▸ **Directions**
Copy word for word the lines in the records below, starting at the line with "PREDIKSI TOGEL TAIC4LOTTERY" and ending at the line with "Institut soci: Collège". Skip the pictures.

Start of Data records

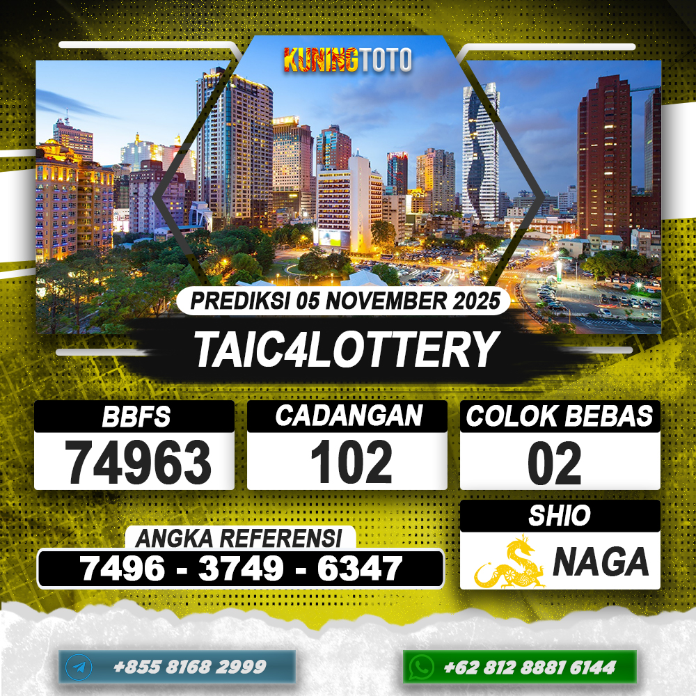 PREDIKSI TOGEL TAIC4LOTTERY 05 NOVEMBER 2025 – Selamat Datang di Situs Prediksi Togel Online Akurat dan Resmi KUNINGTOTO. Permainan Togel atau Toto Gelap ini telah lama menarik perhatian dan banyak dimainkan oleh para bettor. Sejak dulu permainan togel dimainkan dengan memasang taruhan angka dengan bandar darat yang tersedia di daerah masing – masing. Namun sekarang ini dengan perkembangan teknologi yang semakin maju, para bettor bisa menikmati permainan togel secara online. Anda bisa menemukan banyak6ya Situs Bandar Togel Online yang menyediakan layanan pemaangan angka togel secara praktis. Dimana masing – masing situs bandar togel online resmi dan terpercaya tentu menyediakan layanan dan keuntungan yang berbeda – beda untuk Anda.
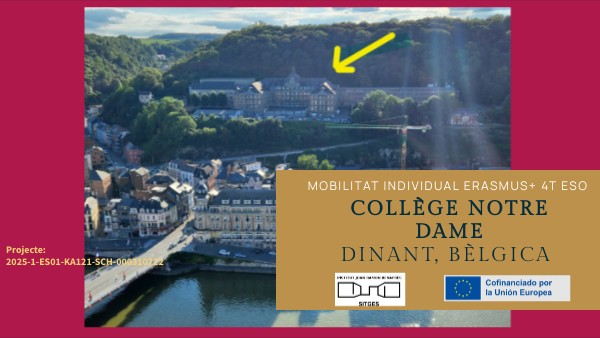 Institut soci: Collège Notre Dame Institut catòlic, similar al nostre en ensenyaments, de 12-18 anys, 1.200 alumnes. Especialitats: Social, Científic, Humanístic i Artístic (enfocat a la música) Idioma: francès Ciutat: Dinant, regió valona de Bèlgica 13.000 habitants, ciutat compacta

End of Data records
Start of Data records

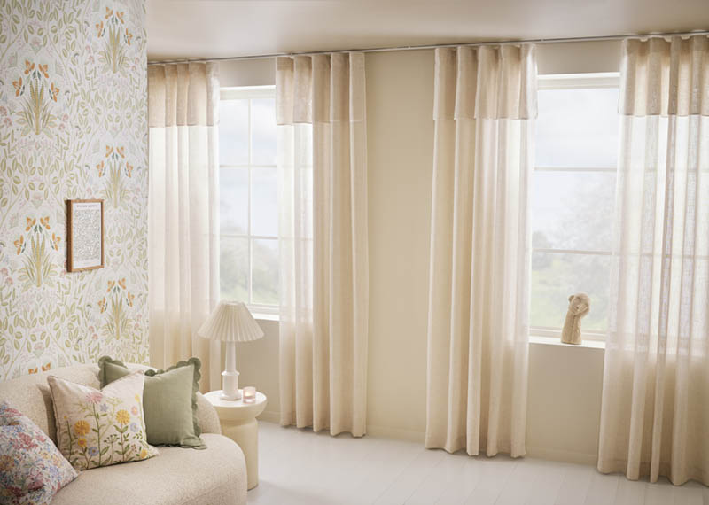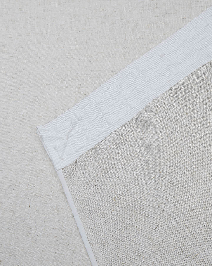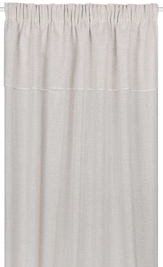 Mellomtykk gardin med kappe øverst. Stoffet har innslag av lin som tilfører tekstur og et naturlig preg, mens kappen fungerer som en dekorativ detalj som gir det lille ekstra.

End of Data records

▸ **Exercise result**
 PREDIKSI TOGEL TAIC4LOTTERY 05 NOVEMBER 2025 – Selamat Datang di Situs Prediksi Togel Online Akurat dan Resmi KUNINGTOTO. Permainan Togel atau Toto Gelap ini telah lama menarik perhatian dan banyak dimainkan oleh para bettor. Sejak dulu permainan togel dimainkan dengan memasang taruhan angka dengan bandar darat yang tersedia di daerah masing – masing. Namun sekarang ini dengan perkembangan teknologi yang semakin maju, para bettor bisa menikmati permainan togel secara online. Anda bisa menemukan banyak6ya Situs Bandar Togel Online yang menyediakan layanan pemaangan angka togel secara praktis. Dimana masing – masing situs bandar togel online resmi dan terpercaya tentu menyediakan layanan dan keuntungan yang berbeda – beda untuk Anda.
 Institut soci: Collège Notre Dame Institut catòlic, similar al nostre en ensenyaments, de 12-18 anys, 1.200 alumnes. Especialitats: Social, Científic, Humanístic i Artístic (enfocat a la música) Idioma: francès Ciutat: Dinant, regió valona de Bèlgica 13.000 habitants, ciutat compacta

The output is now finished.